03/11/2008

Joint Report on Social Protection and Inclusion

Social protection reforms and active inclusion policies have visibly
contributed to higher growth and more jobs in Europe over the past year.
Still, more needs to be done to ensure that these benefits reach those at the
margins of society and improve social cohesion, says a Commission report to be
discussed by Employment and Social Affairs Ministers on 29 February. The 2008
'Joint Report on Social Protection and Inclusion' focuses on priorities and
progress made in the areas of child poverty, working longer, private pension
provision, health inequalities and long-term care.

"Our social protection reforms and social inclusion policies are paying off:
they promote social cohesion and growth by bringing more people into the labour
market and making public finances more sustainable," said Vladimír Špidla, EU
Commissioner for Employment, Social Affairs and Equal Opportunities. "But
healthy growth and job creation do not automatically improve the situation of
those most marginalised within our societies. We need joined up policies to
make sure we fully include the most vulnerable."

This year's report focuses on a number of key themes - a recent innovation that
has added value to the EU's 'Open Method of Coordination' in the field of
social policies. It has increased understanding, promoted mutual learning and
encouraged better monitoring and more focussed reporting. Overall, progress has
been promising, but the report highlights a series of areas to focus future
efforts:

1. Employment rates have risen for all categories of older workers. The overall
employment rate of those aged 55-64 has risen from 38% in 2001 to 44% in 2006
and the Lisbon target of 50% in 2010 has been reached by nine countries
(Denmark, Estonia, Ireland, Cyprus, Latvia, Portugal, Finland, Sweden and the
United Kingdom), although it is still as low as 30% in some. Active inclusion
measures, as well as pension and labour market reforms, have improved
incentives to work but still more people need to work. Together with efforts to
improve productivity this will contribute to a sounder base for social
protection systems and adequacy and sustainability of pensions, provided that
labour markets are opened up to older workers.

2. While pension reforms are well under way, they need to be monitored
regularly as regards their impact on future sustainability and adequacy,
particularly for those with atypical career patterns. Awareness of the risks
associated with different pension schemes should be raised, thereby promoting
informed choices.

3. 16% of EU citizens remain at risk of poverty while some 8% are at risk of
poverty despite being employed. Out of the 78 million Europeans living at risk
of poverty, 19 million are children. Ensuring equal opportunities for all
through well-designed social policies, and strengthening educational outcomes
for each child, are needed to break the cycle of poverty and exclusion.
Inclusion and anti-discrimination policies need to be reinforced, not least in
relation to immigrants and their descendants and to ethnic minorities.

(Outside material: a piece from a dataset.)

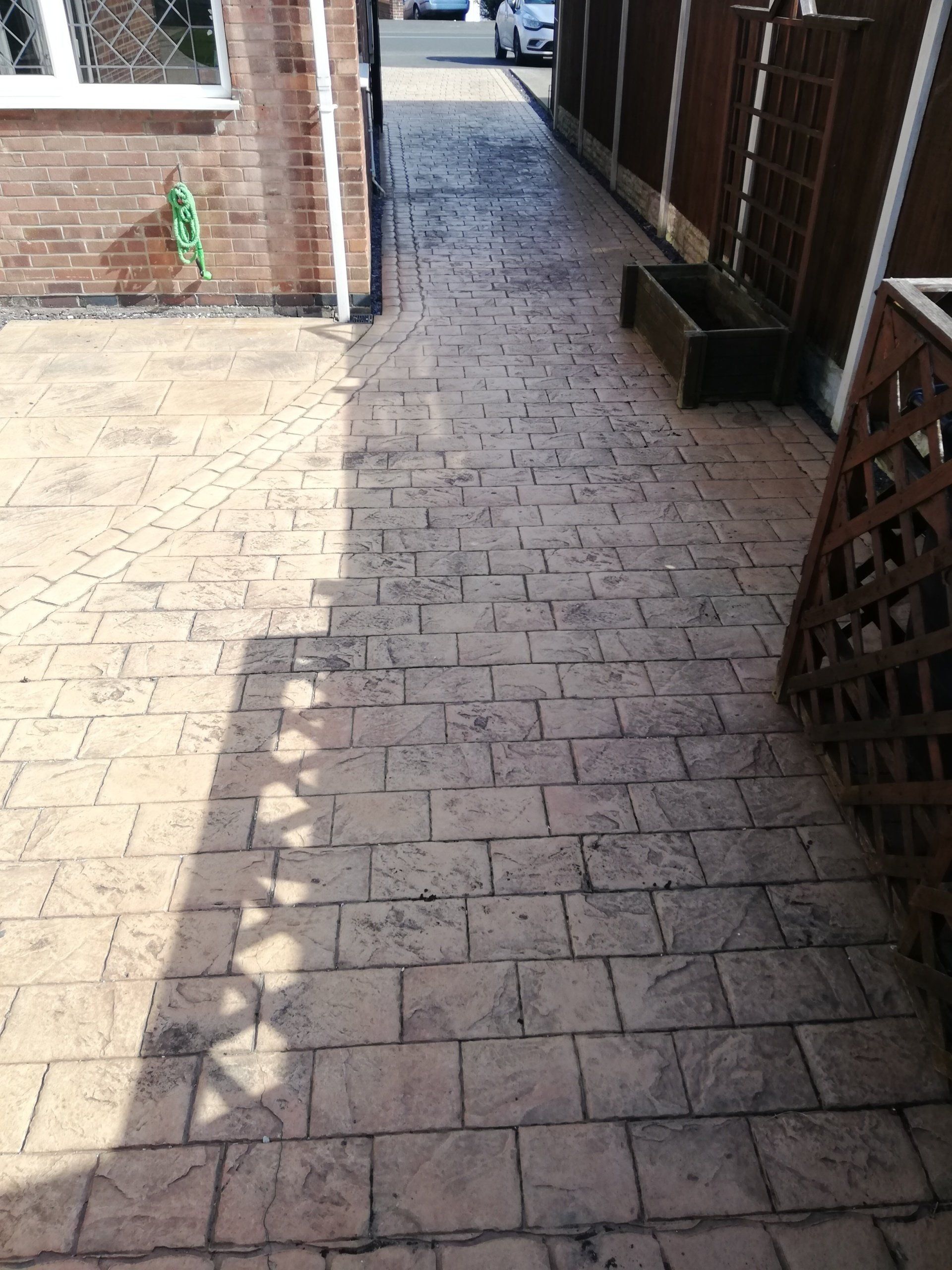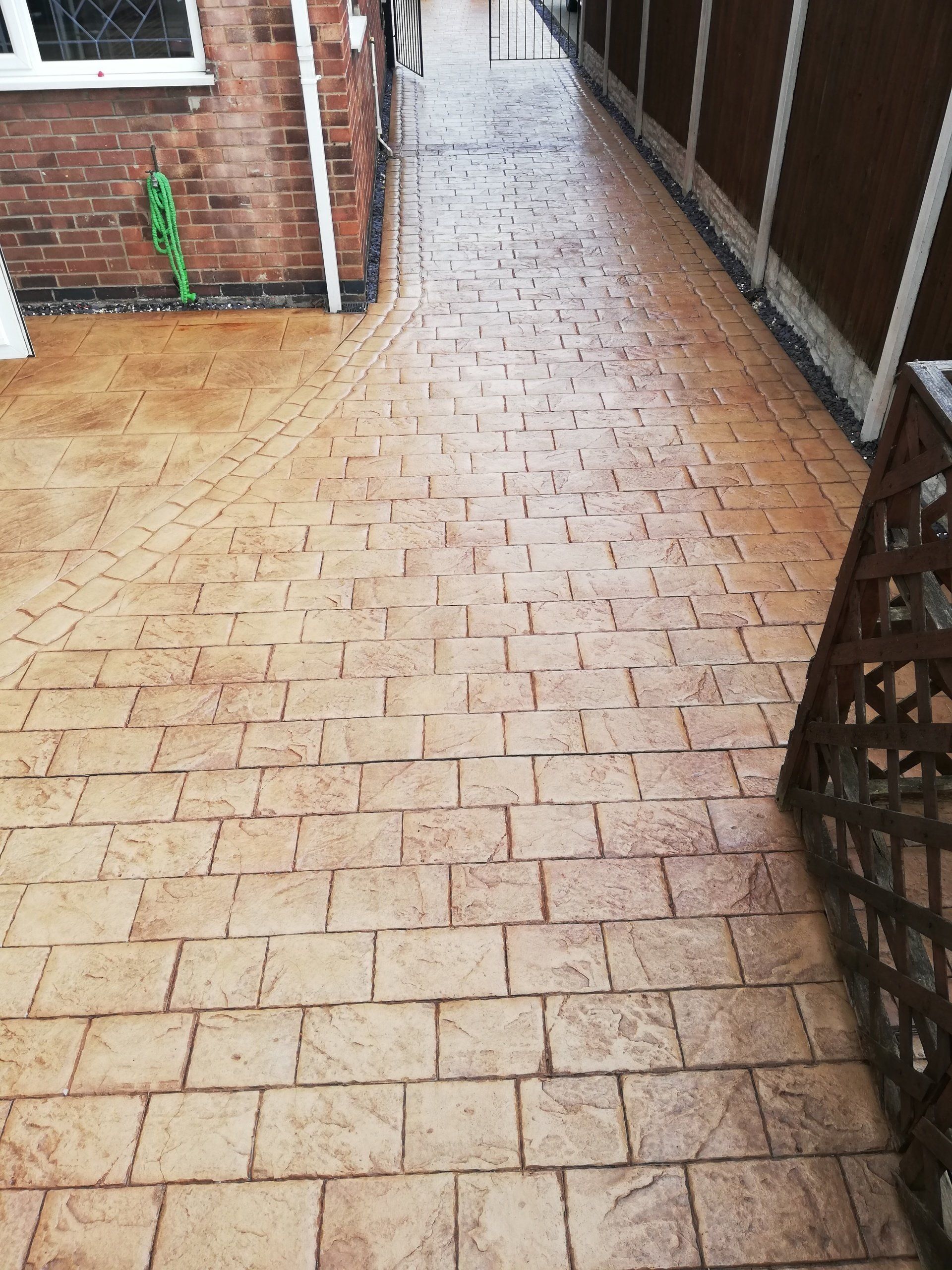 Showing cleaned and sealed with Resiblock Matt Acrylic Pattern Imprinted Concrete sealer

4. When children are poor, it is because they live in jobless or low
work-intensity households or because their parents' jobs do not pay
sufficiently and income support is inadequate to ward off the risk of poverty.
Fighting child poverty therefore requires a combination of quality job
opportunities allowing parents to integrate and progress in the labour market,
adequate and well-designed income support and the provision of necessary
services for children and their families. The appropriate balance must be
struck between helping families and targeting children in their own right. The
best performers target the most disadvantaged children within a broader
universal approach supporting all children.

5. Social policies have a major impact on health and health is an important
determinant of life chances. There are currently wide disparities in health
outcomes across the EU, with men's life expectancies ranging from 65.3 years
(Lithuania) to 78.8 (Cyprus and Sweden) and those for women from 76.2 (Romania)
to 84.4 (France). Health concerns should be adopted in all policies, including
promoting healthy life styles, while social protection should ensure access for
all to quality healthcare and long-term care and promote prevention, including
for those most difficult to reach.

6. Demographic and societal change trigger rising needs for long-term care.
Member States are committed to increasing access to quality services but
providing such quality services remains a challenge. The right balance needs to
be struck between public and private responsibilities and formal and informal
care, including ensuring support for informal carers.